───── DATA PROVIDED ─────

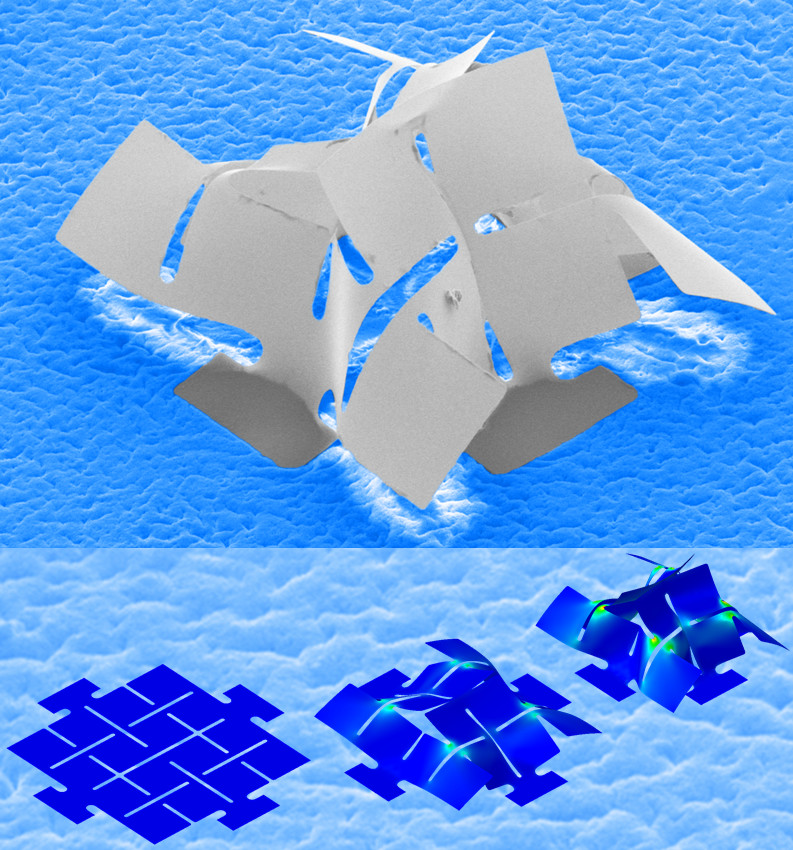 张一慧副教授在《美国科学院院报》(PNAS)在线发表题为《一种由剪纸力学变形诱导的微纳米薄膜三维结构的成型方法》(A mechanically driven form of Kirigami as a route to 3D mesostructures in micro/nanomembranes)的文章,报道了一种可适用于各种高性能材料的微尺度三维结构组装方法,为先进微纳米系统的制备提供了一种重要的新途径。
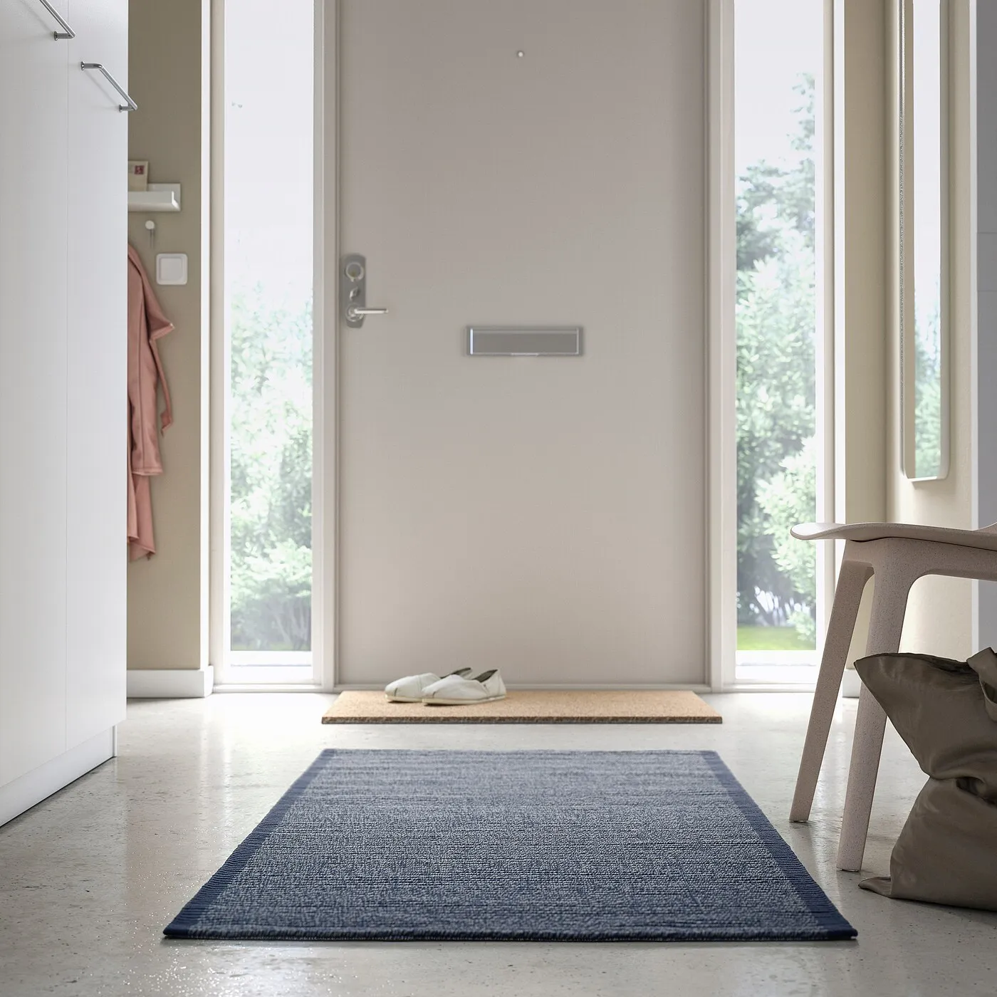 Добавьте свежести и уюта вашему дому. Этот хлопковый ковер имеет спокойный темно-синий оттенок с проблесками белого. Сочетайте его с придверным ковриком IDROTTSPLATS для гармоничного дизайна в прихожей.
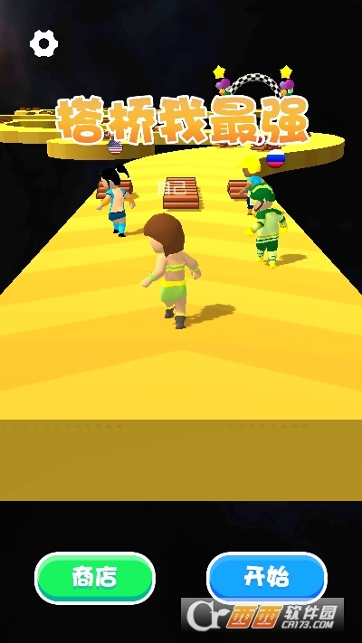 2、众多玩家一起来展开竞速对决,收集木板搭建桥梁抄近道前进。

─────

ABOUT THIS TASK
Return all of the material exactly, without pictures.

ANSWER TO THIS TASK
 张一慧副教授在《美国科学院院报》(PNAS)在线发表题为《一种由剪纸力学变形诱导的微纳米薄膜三维结构的成型方法》(A mechanically driven form of Kirigami as a route to 3D mesostructures in micro/nanomembranes)的文章,报道了一种可适用于各种高性能材料的微尺度三维结构组装方法,为先进微纳米系统的制备提供了一种重要的新途径。
 Добавьте свежести и уюта вашему дому. Этот хлопковый ковер имеет спокойный темно-синий оттенок с проблесками белого. Сочетайте его с придверным ковриком IDROTTSPLATS для гармоничного дизайна в прихожей.
 2、众多玩家一起来展开竞速对决,收集木板搭建桥梁抄近道前进。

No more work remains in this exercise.